We should heed Panetta's stark warning. What happened at Aramco could absolutely happen at any industrial plant in the United States. Shamoon was very likely introduced when the recipient of a maliciously crafted email clicked on an attachment, or was deliberately implanted by a trusted insider. Vulnerability to human mistakes or insider attacks exists in every company and in every sector.
Panetta indicated that it's time to rewrite the rules for engagement in the cyber-world. Policy rules have to be informed by technological realities. Major efforts in technology development will figure prominently in the battle and may take many forms. Better defenses are technically feasible, but it is technically infeasible to make defenses perfect and still have systems be usable for legitimate functions.
Defending against cyber-attackers is something like playing "whack-a-mole"; you may swat down some types of attacks, but new ones spring up to replace them. Our best shot is to admit that the goal of preventing 100% of intrusions is simply not realistic, and structure systems so that they are capable of managing and containing the effects of attacks. We also cannot expect to achieve the capability to identify an attacker as quickly as an attack can be carried out. At present, any methods we have to identify attackers who are determined to be anonymous rely on human analysis of multiple sources of data.

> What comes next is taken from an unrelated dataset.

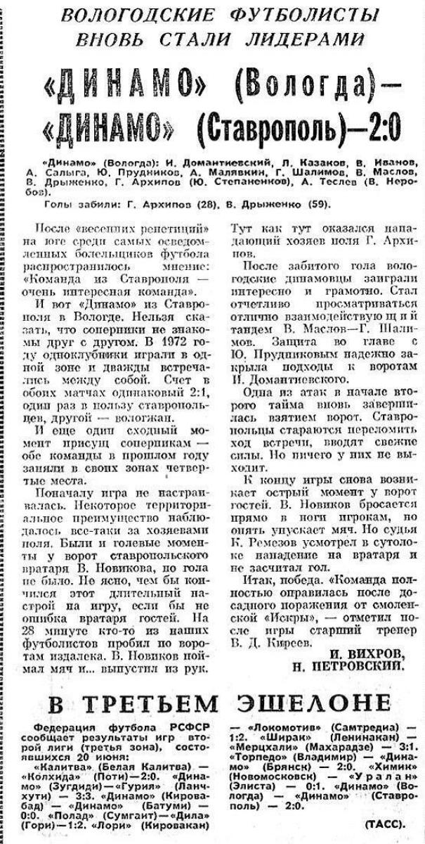 «Динамо» Вологда - «Динамо» Ставрополь - 2:0

America's strategy for identifying perpetrators has to include ordinary, old-fashioned police work that correlates different sources of human intelligence, technological markers in the code itself, and network traffic forensics. It is not generally possible simply to push a few buttons and sit back while a software tool journeys across the Internet, following a trail of evidence back to the perpetrators. Even with software tools, identifying the origin of cyber terrorism takes significant human effort.
It's worth noting that ITI is engaged in some ambitious research and education efforts that will help society handle the mounting cyber security challenges of the coming years. For example, resiliency of cyber infrastructure to attack is a major area of research activity in ITI's TCIPG (Trustworthy Cyber Infrastructure for the Power Grid) Center, which is supported by the Department of Energy and Department of Homeland Security. And ITI is the recipient of a new grant from NSF to develop cross-disciplinary curricular material on digital forensics. Better and more widespread education in forensics is desperately needed, not only to support national security but also to handle the lower-level legal, business, and technical ramifications of cyber crime.
But for now, this much is clear: the cyber-world is a very dangerous place, and while technological advances are providing crucial help, they are a long way from being able to eliminate the dangers on their own.